そうして歩いていると、剣心が追いついた。

 

 

「フン、遅れたってのに謝罪の一つもなしか」

 

「……すまぬ、雷十太殿」

 

「いや、吾輩は構わんが──

 

「マジでイイ度胸してるな、バカ弟子が」

 

 

それと同時に、視界も開けて……巨大な滝が目に映った。

ざぁざぁという水音が響く中、比古清十郎が吾輩と剣心を一瞥した。

 

 

「さて、無駄話も必要ないだろう。まずはお手並み拝見と行こうか」

 

 

比古清十郎はそう言いつつ、これといった柄も、鍔さえもない刀を鞘ごと腰から抜いた。

手合わせを御所望らしい。

 

どちらが先なのか、そう考えていると──

 

 

「ん?何を呆っとしている。“二人とも”だ」

 

「……なに?」

 

 

吾輩が驚くも、なんて事はないという様子で比古清十郎が笑った。

 

 

「片方ずつなんて面倒でまどろっこしい事はナシだ。

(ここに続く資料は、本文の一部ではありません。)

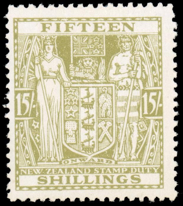 NEW ZEALAND, 1945, 15sh OLIVE FISCAL NH, #AR85, fresh and very fine, cat. $55.00 as hinged, Campbell Paterson #Z41c @ 250.00 NZD (Image)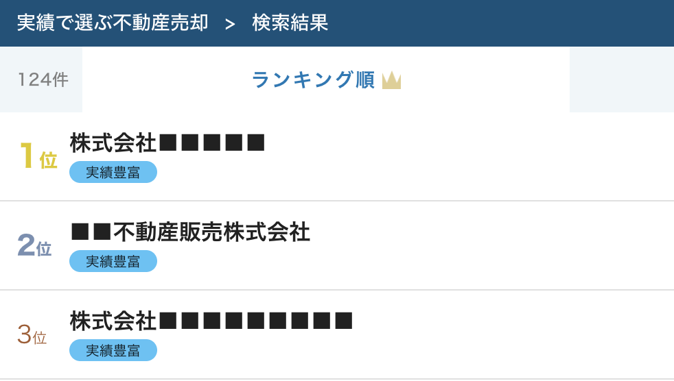同じ条件の物件取り扱い実績件数の多い不動産会社をピックアップします。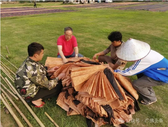 據(jù)介紹,香云紗制作需涉及到13項純手工操作,以“曬莨”一環(huán)最為關(guān)鍵,也最為辛苦。在環(huán)節(jié)中,把過了薯莨汁的香云紗運到曬莨場,然后把香云紗平鋪在草地上,還要用竹竿把布料壓住,防止被風刮走。經(jīng)過晾曬之后,工人要把布料收回去,等待第二天再過薯莨汁,如此重復幾十次,一般前后需要歷經(jīng)2-3個月。但如果降雨頻繁天氣,時間要更長。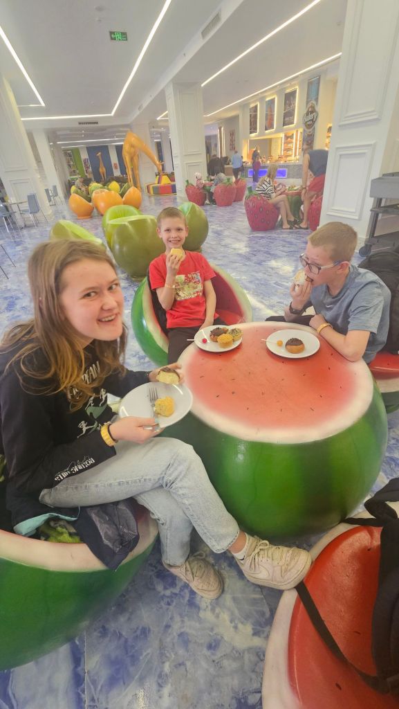We stayed at an all inclusive resort that was very nice and clean. The resort had over 60 slides, lots of pools, food options all day and night, VR room, bikes, a midway with carnival rides, a sucker station, and all you can eat ice cream. It was a welcomed break. Don’t worry though, it wasn’t without it’s hagglers trying to sell you things.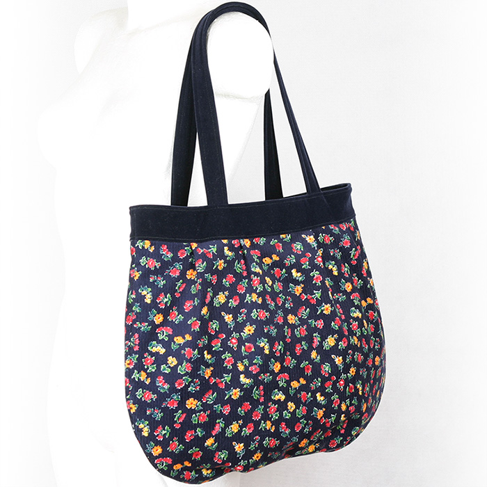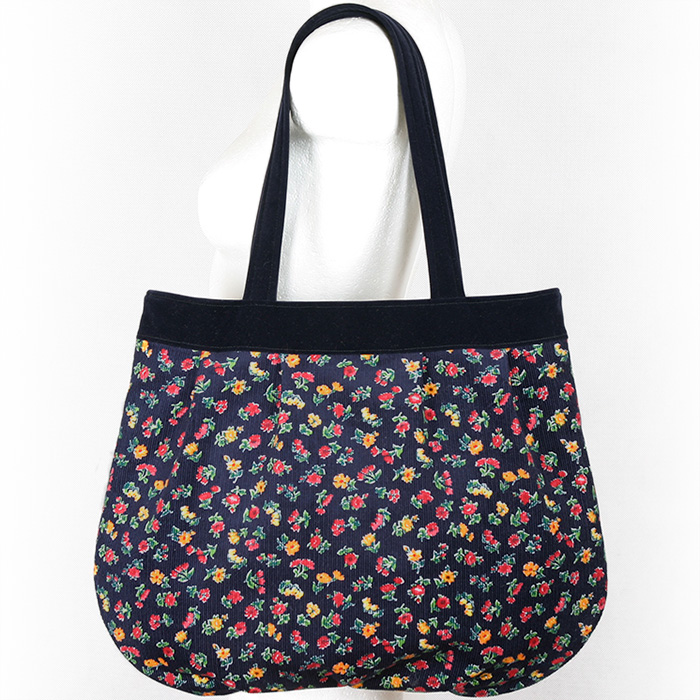 Drugi model, który chcę wam zaprezentować, to dowód na to, że momentami mam ogromną słabość do takich wdzięczno-dziewczęcych wzorów, jak ten w drobne kwiatuszki. Nie walczyłam z sobą i uszyłam torbę 'Dona – multi’. Składa się na nią wspomniany już wzorzysty sztruks i granatowy welur – pojemna, przestronna i z bezpiecznym, zapięciem w postaci suwaka 🙂

お前らの力を、俺に見せろ」

 

 

そう口にして、比古清十郎が刀を抜いた。

 

瞬間、凄まじい剣気が空気に満ちた。

木々が揺れ、木の葉が落ち、地につく前に破裂した。

 

 

「……っ!!」

 

 

今まであったどんな剣客よりも強い。

そんな事は分かっていた。

 

だが、ここまでとは……思わなんだ。

 

 

「……では、参る」

 

 

身動きすら取れない今、先に逆刃刀を抜いたのは剣心だった。

 

 

「……ふんッ!」

 

 

吾輩も続けて、剣を抜いた。

 

危なかった。

呑まれていた。

 

 

「……()ぅッ!」

 

 

吾輩はその怯えを振り払うべく、身体に力を込める。

 

 

「はあぁ……っ!」

 

 

同時に、剣心も己を奮い立たせた。

 

三者三様、剣気を放つ。

空気が歪んで見えるほどの威圧感がぶつかりあい、現実にも干渉を始める。

 

 

「フン、まずは俺に一撃でも当ててみろ。話はそれからだ」

 

 

見えない火花が散る中、比古清十郎がそう告げた。